I’ve really been noticing lately the lack of a village.
We as a society have become a bit self-centered. There’s been a lot of talk about the importance of self-care, which I agree 100%. We need to be able to take opportunities to take care of ourselves so that we can be better for others. I often try to take time for myself, so that I can be better.
But there has to be a balance between finding that time for self-care, taking care of our families, and helping those that are struggling.
I’m sure we’ve all seen the posts in our various mom groups: “Today was a hard day.” or “Is it bedtime yet??”
Those are invitations for us to expand our village, but how often do we take them?
Sometimes we might be too busy. We have lives of our own and that’s understandable. We have our own demands that need our attention. There’s the kids, our husbands, the house, work, the list goes on and on. But is there a chance we can put something aside for just a little while to help someone else?

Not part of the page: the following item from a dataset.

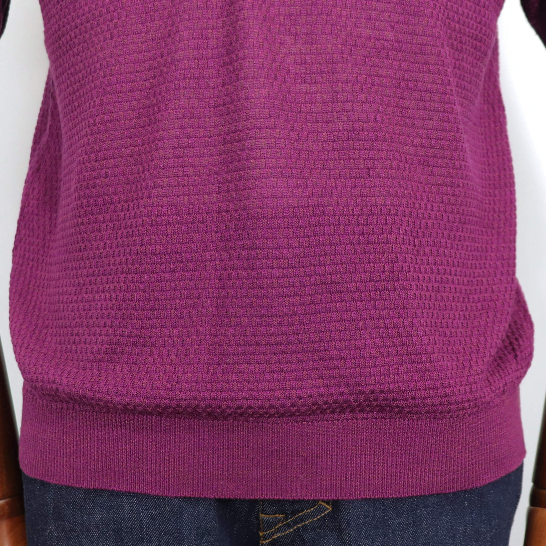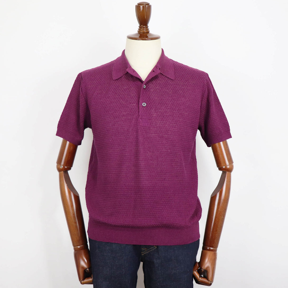リネン77%、シルク23%の混紡糸「シルクリネン」を使用。リネン特有の爽やかな通気性と吸湿速乾性に加え、“繊維の女王”と称されるシルクのしなやかさと上品な光沢が絶妙に調和した春夏にふさわしい素材です。編地には立体感のあるリンクス編みを採用。モノグラム調の織り柄がさりげない表情を生み、ニットならではの伸縮性で動きやすく快適な着心地を実現しました。衿はミラノリブでしっかりと構築し、三つボタンのスキッパーデザインがクラシカルかつ品のある佇まいを演出。袖口と裾口はリブ仕立てで引き締まった印象に。ややゆとりのあるクラシックなシルエットで、一枚でもジャケットのインナーとしても映える万能な一着となっております。同素材のカーディガンと合わせたアンサンブルコーディネートもおすすめです。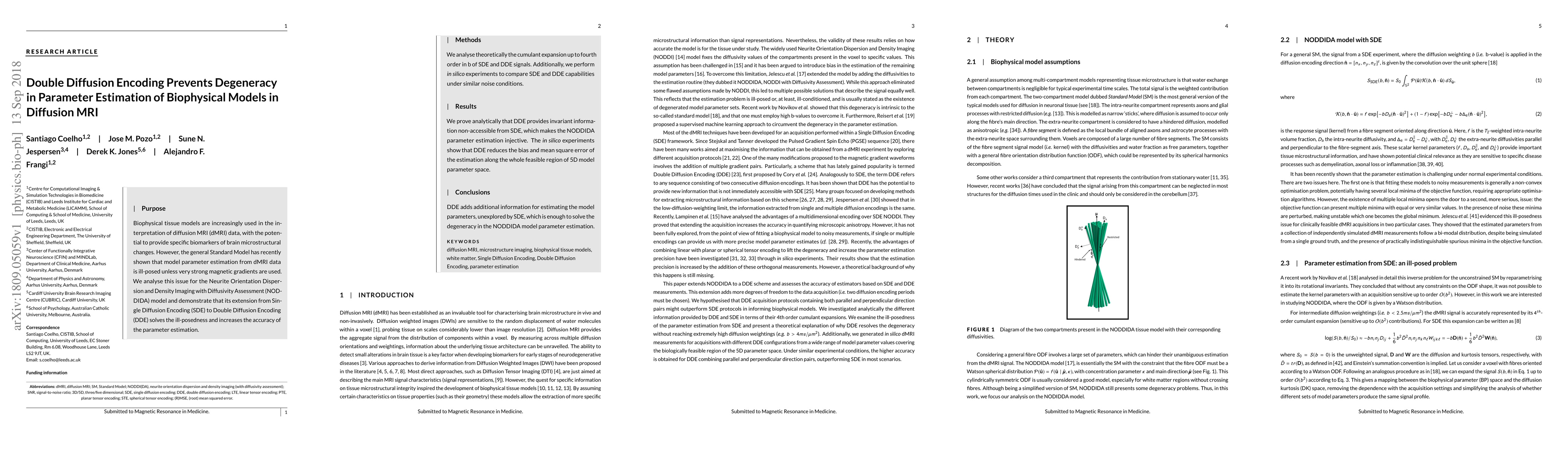 Purpose: Biophysical tissue models are increasingly used in the interpretation of diffusion MRI (dMRI) data, with the potential to provide specific biomarkers of brain microstructural changes. However, the general Standard Model has recently shown that model parameter estimation from dMRI data is ill-posed unless very strong magnetic gradients are used. We analyse this issue for the Neurite Orientation Dispersion and Density Imaging with Diffusivity Assessment (NODDIDA) model and demonstrate that its extension from Single Diffusion Encoding (SDE) to Double Diffusion Encoding (DDE) solves the ill-posedness and increases the accuracy of the parameter estimation. Methods: We analyse theoretically the cumulant expansion up to fourth order in b of SDE and DDE signals. Additionally, we perform in silico experiments to compare SDE and DDE capabilities under similar noise conditions. Results: We prove analytically that DDE provides invariant information non-accessible from SDE, which makes the NODDIDA parameter estimation injective. The in silico experiments show that DDE reduces the bias and mean square error of the estimation along the whole feasible region of 5D model parameter space. Conclusions: DDE adds additional information for estimating the model parameters, unexplored by SDE, which is enough to solve the degeneracy in the NODDIDA model parameter estimation.

There might be times where we are just not up to it. That’s important to recognize too! But are we “just not up for it” more often than we should be? Are we missing out on these opportunities to expand our village because we are so focused on how we feel too much of the time?
Again, I can’t express enough the importance of self-care, and knowing your own limitations. But at what point does our focus on self-care become a focus of being self-centred? How many times do we miss out on opportunities to expand our village because we aren’t willing to push past whatever is stopping us occasionally?
I know there are times where I am in a rut and I feel “just not up for it”. And those are the days pushing past that “just not up for it” feeling turn out to be a great opportunity to do something for somebody else. In return it helps me be able to create relationships with people that I never would have had a relationship with otherwise.
Take an opportunity to reach out to those that may be struggling even if you’re “just not up for it”. Doesn’t have to be every time. You know your limitations. Doesn’t have to be something big, it can be something as simple as smiling to a mother in the grocery store who has a child having a hard time. It can be going out of your way to talk to somebody in the grocery line.
Help build their village and in return you build your own.